Diffusion imaging of human connectome doesn’t hold water
The colorful brain maps created with diffusion imaging — a technique that uses the flow of water as a proxy for nerve tracts — are unlikely to represent the brain’s anatomy with accuracy, says a new study.
Over the past five years, researchers have made a big push to map white matter, the tracts of nerve fibers that connect different regions of the brain. Building an accurate atlas of these tracts could help researchers understand autism, which is thought to involve abnormal long-range connections in the brain.
Efforts to map this so-called ‘connectome’ rely mainly on diffusion imaging, a noninvasive method that uses a magnetic resonance imaging (MRI) scanner to measure the direction and flow of water in the brain. Researchers then use sophisticated computer algorithms to translate these data into colorful depictions of the brain’s wiring.
Scientists quibble over the details of the best way to build that wiring diagram. But there is widespread faith that these white matter maps are becoming more accurate with advances in scanner resolution and computing power.
A study published 18 November in the Proceedings of the National Academy of Sciences calls that faith into question, pointing out that diffusion imaging can provide only an indirect view of white matter. As such, it’s unlikely to ever trace the brain’s anatomy with perfect accuracy.
In the study, researchers scanned the preserved brain of an adult male rhesus macaque using diffusion MRI. The scan was so detailed that collecting comparable images from a living human brain would require a person to lie still in a scanner for thousands of hours, the researchers say.
They applied four different methods of tractography — the computer analysis that translates diffusion imaging data into a model of fiber pathways in the brain — to map the connections between two areas of the cerebral cortex and the rest of the brain.
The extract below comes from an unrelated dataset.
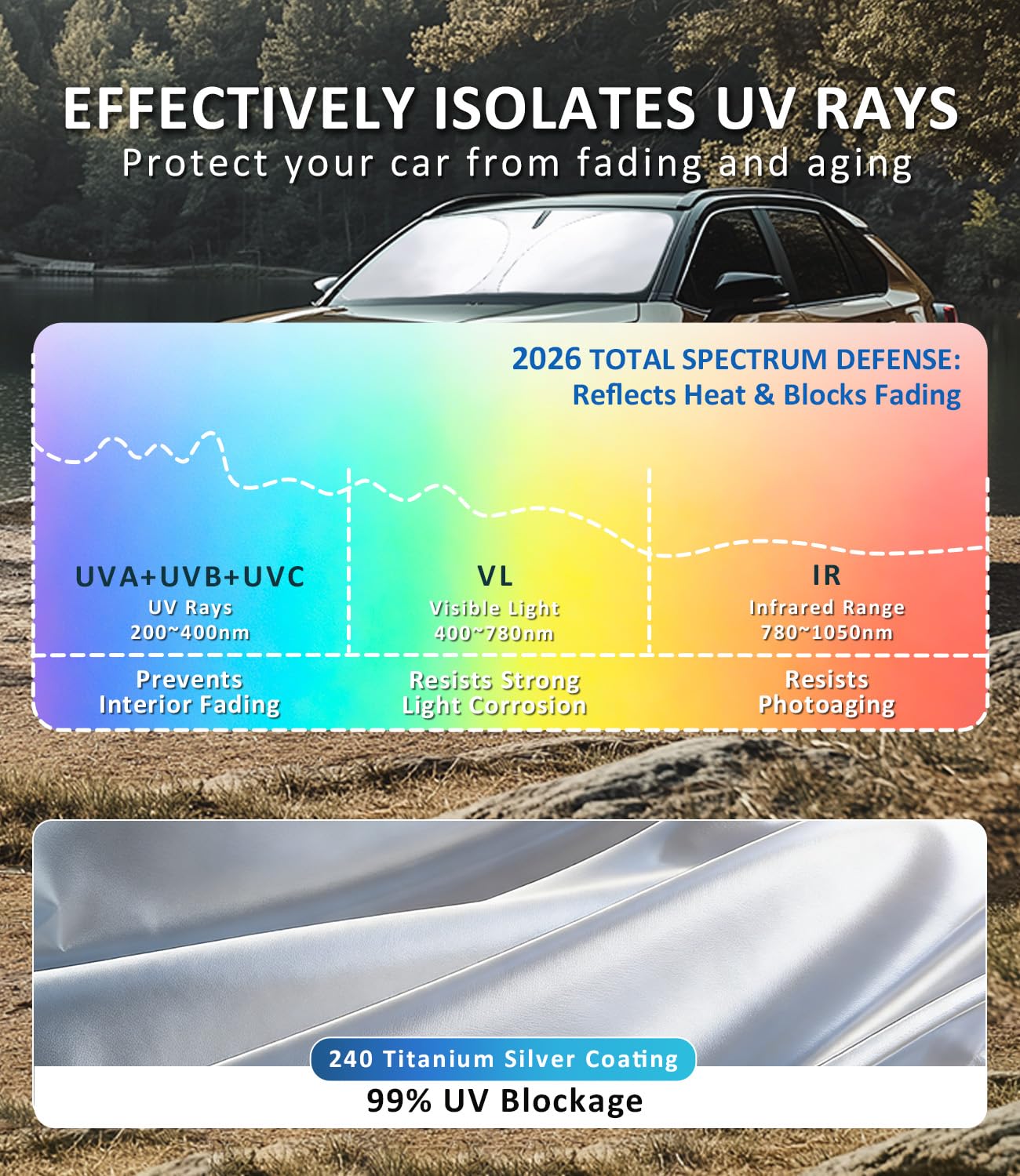 [Stay Cool and Reflect Sun] Crafted from high-density 240T polyester and a blackout coating, this windshield sun shade effectively reflects 99% of UV rays and sunlight to block heat while your car is parked; It shields your interior from intense heat, helping to prevent damage and maintain a more stable temperature.

Finally, they compared these results with an existing atlas of macaque white matter, which was created by injecting neurons with a radioactive dye that traces the paths of individual neurons across long distances. This tracer method is the most reliable way to study the structure of white matter, but it can’t be used in living people.
Inconsistent results:
The study spotlighted some major shortcomings of diffusion imaging. In some cases, the technique identifies false connections; in others, it cannot untangle pathways that the tracer method maps clearly. The balance between these false-positive and false-negative results depends on the specific parameters and assumptions of the tractography model used. No single method — not even the most sophisticated one — consistently yields the best results.
The publication sparked some snarky commentary by neuroscientists on Twitter. “What a surprise! DTI doesn’t match tracer injections! Really,” wrote Partha Mitra, professor of neuroscience at Cold Spring Harbor Laboratory in New York. (DTI stands for diffusion tensor imaging, which is one type of diffusion imaging but is sometimes used as shorthand for the approach as a whole — particularly in 140-character quips.)
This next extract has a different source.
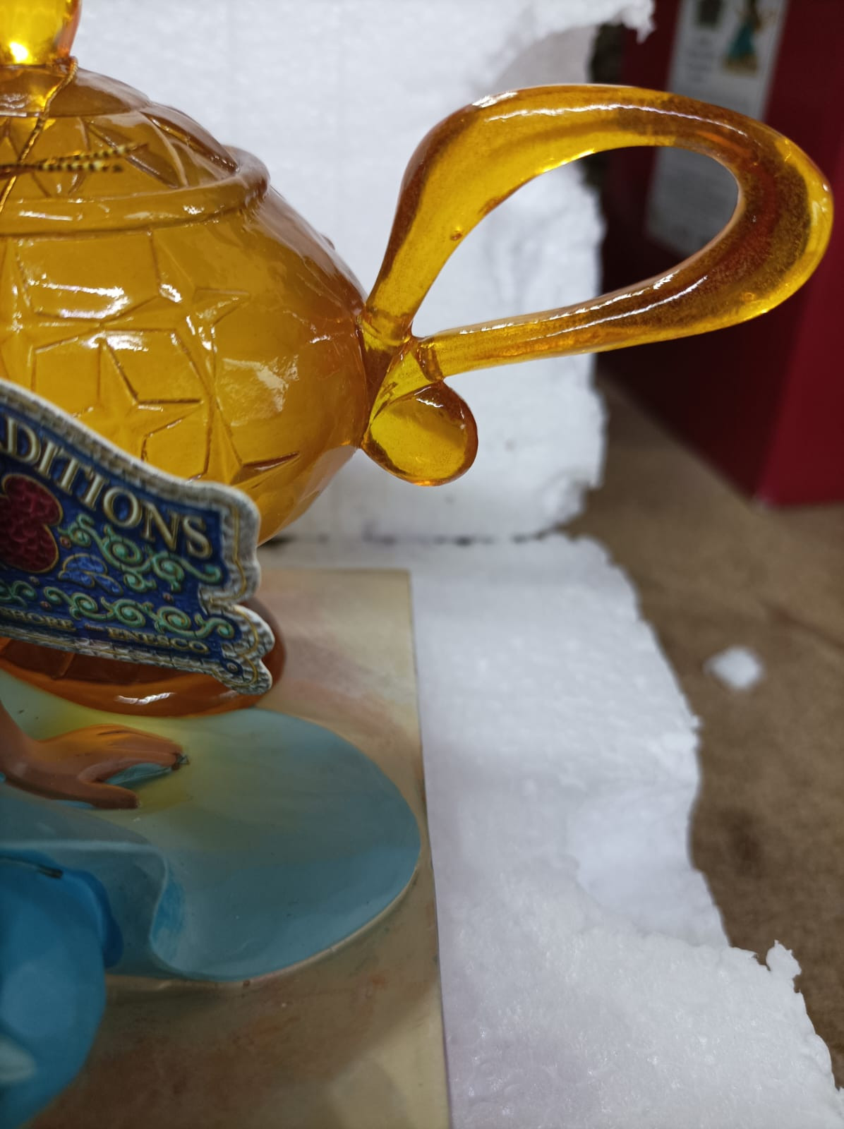 - The handle of the genie's lamp was broken, it was glued back together

“The surprise is it took so long to actually directly do the comparison on the same brains! Taking pretty pics on faith,” responded Kevin Mitchell, a neurogeneticist at Trinity College in Dublin, Ireland.
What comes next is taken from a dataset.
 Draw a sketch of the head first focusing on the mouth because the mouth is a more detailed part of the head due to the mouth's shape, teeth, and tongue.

Although many researchers who use diffusion imaging are sober and cautious about what this method shows, it’s easy to get caught up in the colorful images and forget that the ‘wiring diagram’ is still a metaphor.
Still, this doesn’t mean that the whole effort to map the human connectome is a wash. “On more positive note, those kinds of comparisons should help derive DTI algorithms that give more accurate picture,” Mitchell added.
The new study suggests a few strategies for improving the method’s use. For example, rather than arguing over the best method of tractography, scientists should use a combination of approaches to map different areas of the brain, the researchers say.
They also recommend comparing pathways identified through diffusion imaging with those mapped by the dye method in nonhuman primates. Although brain anatomy varies across species, we have enough in common in the noggin with our nearest relatives to make this an important strategy for grounding the diffusion imaging data.
This seems like a reasonable course to chart. While diffusion imaging isn’t a perfect compass, it’s still the best tool we have for mapping white matter pathways in humans.